Hello, I have a custom dataLoader class that I created. It has some extensive functionality for which I have to use python multiprocessing pool. Now I wonder, if I will able to apply num_workers
> 0 for such a dataLoader.
Eg.
#Custom dataLoader class
#which uses multiprocessing pool with 8 threads
trainData = dataLoader.dataset(
train=True,
batchSize=32
)
# The dataLoader class itself return a 32 batchsize object
#Now creating torch dataLoader wrapper on in
dl = DataLoader(trainData, batch_size=1, num_workers={some_num>0})

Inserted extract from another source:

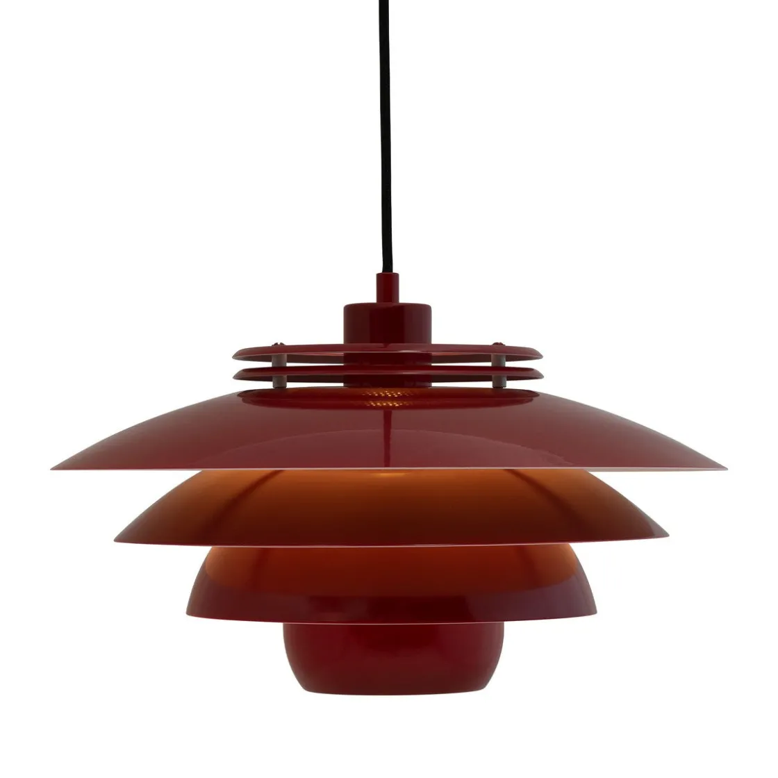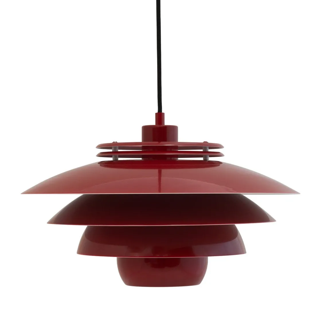 Ejka er en vakker pendel i mørkerødt metall. Den er åpen i toppen og sprer derfor lyset godt.

Now my question is, if I put num_workers
to some non zero value, it doesn’t return an error. But when I try to get a sample out of that
sample = next(iter(dl))
it takes forever to return anything, probably it didn’t work at all.
Is this expected?
My main requirement is, I need to use prefetch_factor
in torch DataLoader, which works only when num_workers
is not 0
The reason behind putting batchSize=32
for custom class is that the sample generated from the dataLoader is a list of arrays. The individual arrays are not bound to have exact same dimension across the dataSet. Hence I have to vertically stack the arrays from 32 samples and return as one huge array.
The torch DataLoader wrapper does not support variable length data per sample if we use num_workers
Is it possible to put num_workers
to a such a custom dataLoader class?